From mboxrd@z Thu Jan  1 00:00:00 1970
Return-Path: <bruce.richardson@intel.com>
Received: from mga07.intel.com (mga07.intel.com [134.134.136.100])
 by dpdk.org (Postfix) with ESMTP id D92F21B221
 for <dev@dpdk.org>; Wed,  1 Nov 2017 18:09:43 +0100 (CET)
Received: from fmsmga001.fm.intel.com ([10.253.24.23])
 by orsmga105.jf.intel.com with ESMTP; 01 Nov 2017 10:09:41 -0700
X-ExtLoop1: 1
X-IronPort-AV: E=Sophos;i="5.44,329,1505804400"; d="scan'208";a="1212918666"
Received: from spassas-mobl.ger.corp.intel.com ([10.252.11.64])
 by fmsmga001.fm.intel.com with SMTP; 01 Nov 2017 10:09:11 -0700
Received: by  (sSMTP sendmail emulation); Wed, 01 Nov 2017 17:09:09 +0000
Date: Wed, 1 Nov 2017 17:09:09 +0000
From: Bruce Richardson <bruce.richardson@intel.com>
To: Harry van Haaren <harry.van.haaren@intel.com>
Cc: dev@dpdk.org, pbhagavatula@caviumnetworks.com, thomas@monjalon.net
Message-ID: <20171101170909.GA23264@bricha3-MOBL3.ger.corp.intel.com>
References: <1509450542-123626-1-git-send-email-harry.van.haaren@intel.com>
MIME-Version: 1.0
Content-Type: text/plain; charset=us-ascii
Content-Disposition: inline
In-Reply-To: <1509450542-123626-1-git-send-email-harry.van.haaren@intel.com>
Organization: Intel Research and Development Ireland Ltd.
User-Agent: Mutt/1.9.1 (2017-09-22)
Subject: Re: [dpdk-dev] [PATCH] service: fix race in service on app lcore
 function
X-BeenThere: dev@dpdk.org
X-Mailman-Version: 2.1.15
Precedence: list
List-Id: DPDK patches and discussions <dev.dpdk.org>
List-Unsubscribe: <http://dpdk.org/ml/options/dev>,
 <mailto:dev-request@dpdk.org?subject=unsubscribe>
List-Archive: <http://dpdk.org/ml/archives/dev/>
List-Post: <mailto:dev@dpdk.org>
List-Help: <mailto:dev-request@dpdk.org?subject=help>
List-Subscribe: <http://dpdk.org/ml/listinfo/dev>,
 <mailto:dev-request@dpdk.org?subject=subscribe>
X-List-Received-Date: Wed, 01 Nov 2017 17:09:44 -0000

On Tue, Oct 31, 2017 at 11:49:02AM +0000, Harry van Haaren wrote:
> This commit fixes a possible race condition if an application
> uses the service-cores infrastructure and the function to run
> a service on an application lcore at the same time.
> 
> The fix is to change the num_mapped_cores variable to be an
> atomic variable.
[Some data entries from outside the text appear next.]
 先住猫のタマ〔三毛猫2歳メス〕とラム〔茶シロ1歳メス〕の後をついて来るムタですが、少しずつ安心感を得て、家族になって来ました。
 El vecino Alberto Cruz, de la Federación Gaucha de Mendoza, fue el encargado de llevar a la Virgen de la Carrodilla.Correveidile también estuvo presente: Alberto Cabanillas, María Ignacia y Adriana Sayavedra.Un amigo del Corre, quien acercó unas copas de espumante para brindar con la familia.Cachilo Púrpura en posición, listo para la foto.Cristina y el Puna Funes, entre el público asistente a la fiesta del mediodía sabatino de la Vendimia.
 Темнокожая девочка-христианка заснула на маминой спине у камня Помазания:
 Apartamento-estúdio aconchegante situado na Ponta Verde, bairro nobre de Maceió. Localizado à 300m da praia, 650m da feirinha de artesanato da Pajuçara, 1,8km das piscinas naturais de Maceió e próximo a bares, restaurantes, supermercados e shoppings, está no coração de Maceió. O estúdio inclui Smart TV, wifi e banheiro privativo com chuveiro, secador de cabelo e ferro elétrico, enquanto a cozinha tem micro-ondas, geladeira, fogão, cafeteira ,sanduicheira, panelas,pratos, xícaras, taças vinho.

This causes concurrent accesses by multiple
> threads to a service using rte_service_run_iter_on_app_lcore()
> to detect if another core is currently mapped to the service,
> and refuses to run if it is not multi-thread safe.
> 
> No performance impact is expected as the mappings for the
> service-cores changes at control-path frequency, hence the
> change from an ordinary write to an atomic write will not
> have any significant impact.
> 
> Two unit tests were added to verify the behaviour of the
> function to run a service on an application core, testing both
> a multi-thread safe service, and a multi-thread unsafe service.
> 
> The doxygen API documentation for the function has been updated
> to reflect the current and correct behaviour.
> 
> Fixes: e9139a32f6e8 ("service: add function to run on app lcore")
> 
> Signed-off-by: Harry van Haaren <harry.van.haaren@intel.com>
> 
> ---
> 
<snip>
@@ -381,8 +381,28 @@ service_run(uint32_t i, struct core_state *cs, uint64_t service_mask)
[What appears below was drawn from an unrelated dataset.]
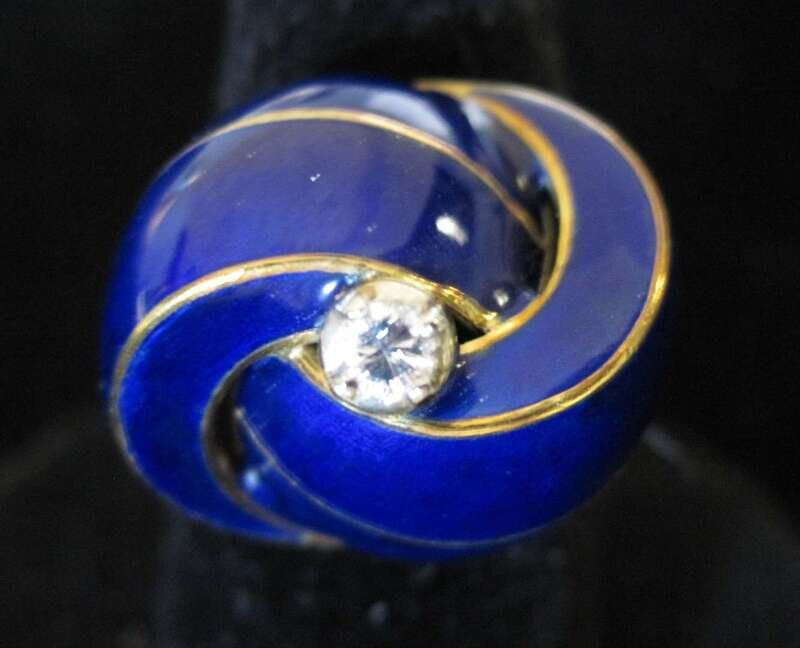 Cobalt blue enamel over yellow gold, in the tradition 'love knot' form accented by a petite circular cut diamond.
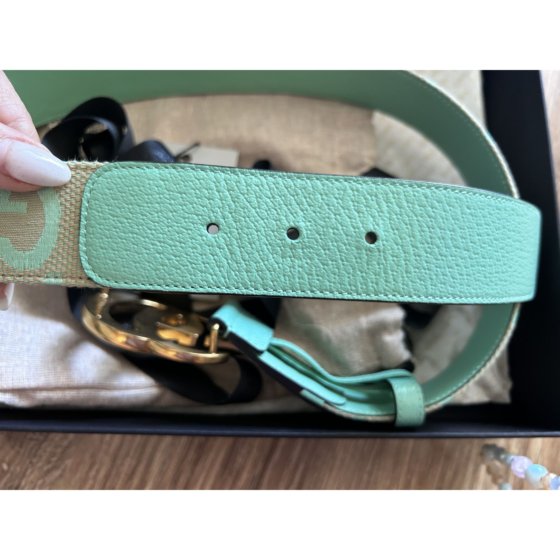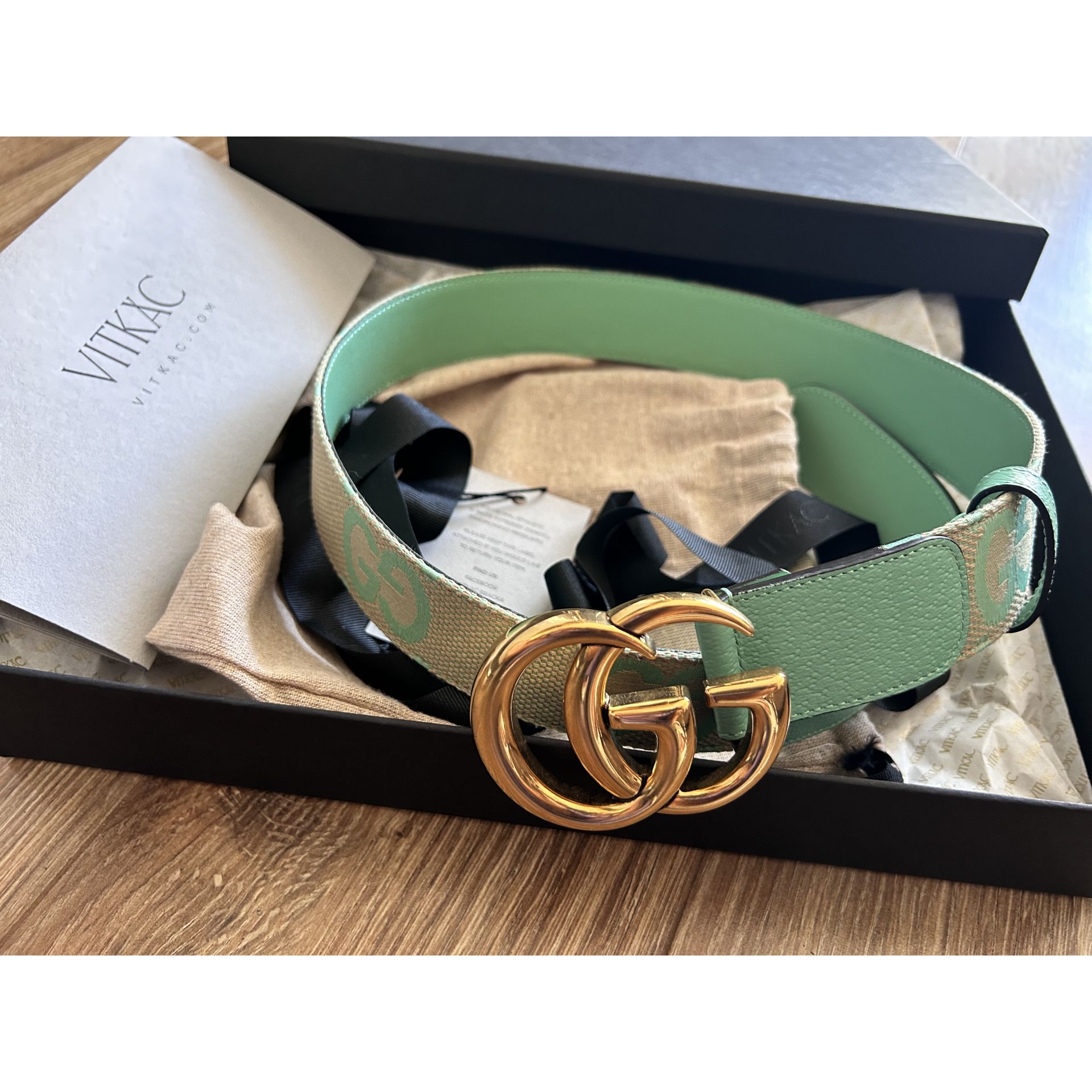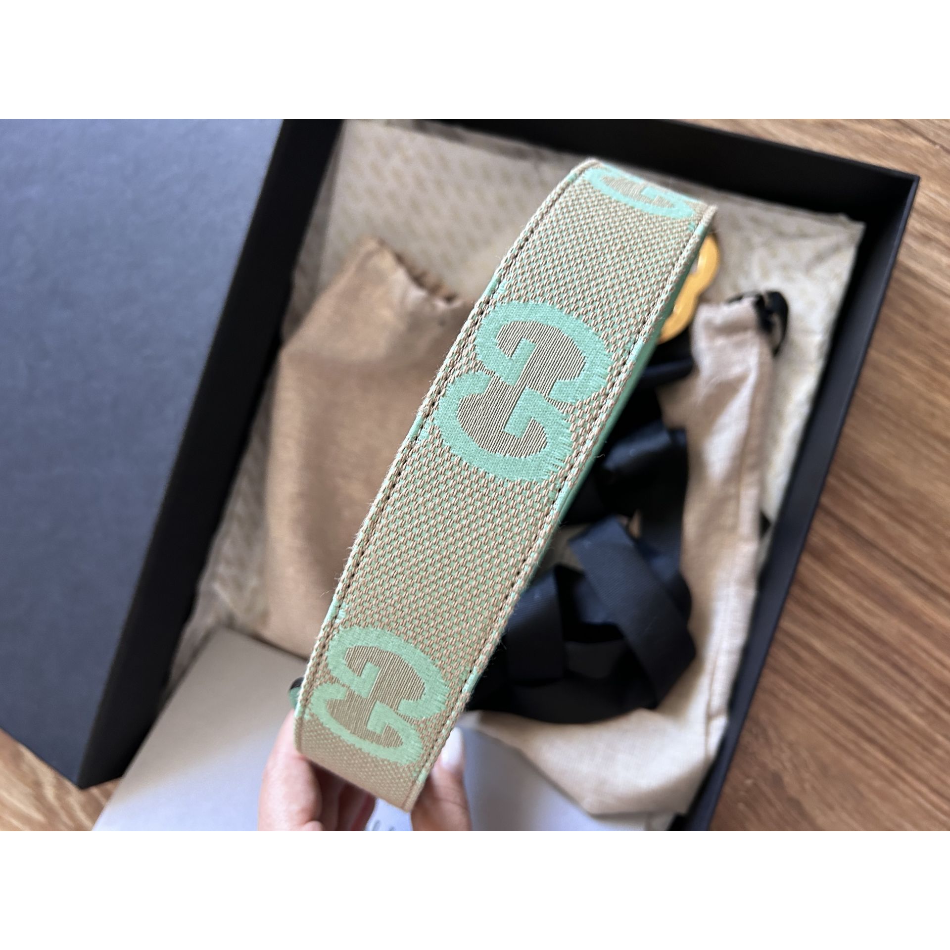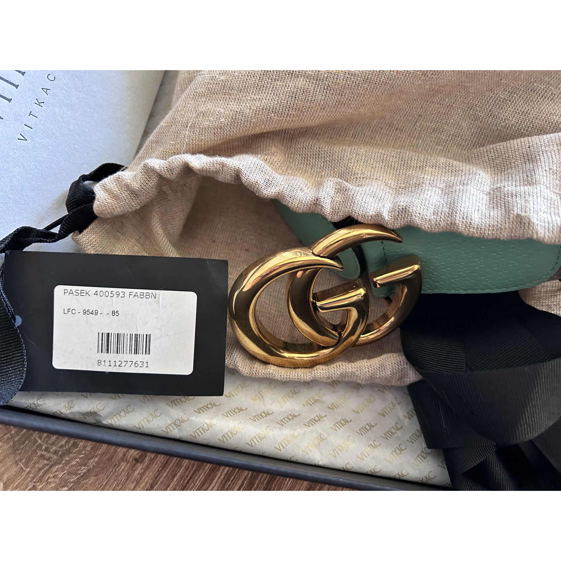 Beżowo jasno zielony pasek Gucci rozmiar 85 Wykonany z materiału i skóry cielęcej. Klamra Logo GG postarzałe złoto. Stan jak nowy miałam go na sobie 2 razy. Kupiony w Vitkacu w grudniu. Pełen komplet może być na prezent. Proszę o przemyślane zakupy, ponieważ nie przyjmuję zwrotów

>  int32_t rte_service_run_iter_on_app_lcore(uint32_t id)
>  {
>  	/* run service on calling core, using all-ones as the service mask */
> +	if (!service_valid(id))
> +		return -EINVAL;
> +
>  	struct core_state *cs = &lcore_states[rte_lcore_id()];
> -	return service_run(id, cs, UINT64_MAX);
> +	struct rte_service_spec_impl *s = &rte_services[id];
> +
> +	/* Atomically add this core to the mapped cores first, then examine if
> +	 * we can run the service. This avoids a race condition between
> +	 * checking the value, and atomically adding to the mapped count.
> +	 */
> +	rte_atomic32_inc(&s->num_mapped_cores);
> +
> +	if (service_mt_safe(s) == 0 &&
> +			rte_atomic32_read(&s->num_mapped_cores) > 1) {
> +		rte_atomic32_dec(&s->num_mapped_cores);
> +		return -EBUSY;
> +	}
> +
> +	int ret = service_run(id, cs, UINT64_MAX);
> +	rte_atomic32_dec(&s->num_mapped_cores);
> +
> +	return ret;
>  }

Do we really need to do an atomic inc and dec in this function? If we
check that there are no service cores mapped, would that not be enough
for safety? If an app core is calling a service, the control plane is
unlikely to decide to start spawning off a service core for that
service simultaneously. Manipulating the count is safer, yes, but unlike
the other changes in this patch, this one will affect performance, so I
think we can go without. Similarly, for multiple data plane threads
calling the same service simultaneously: everything else dataplane is
done without locks so I think this should be too.

/Bruce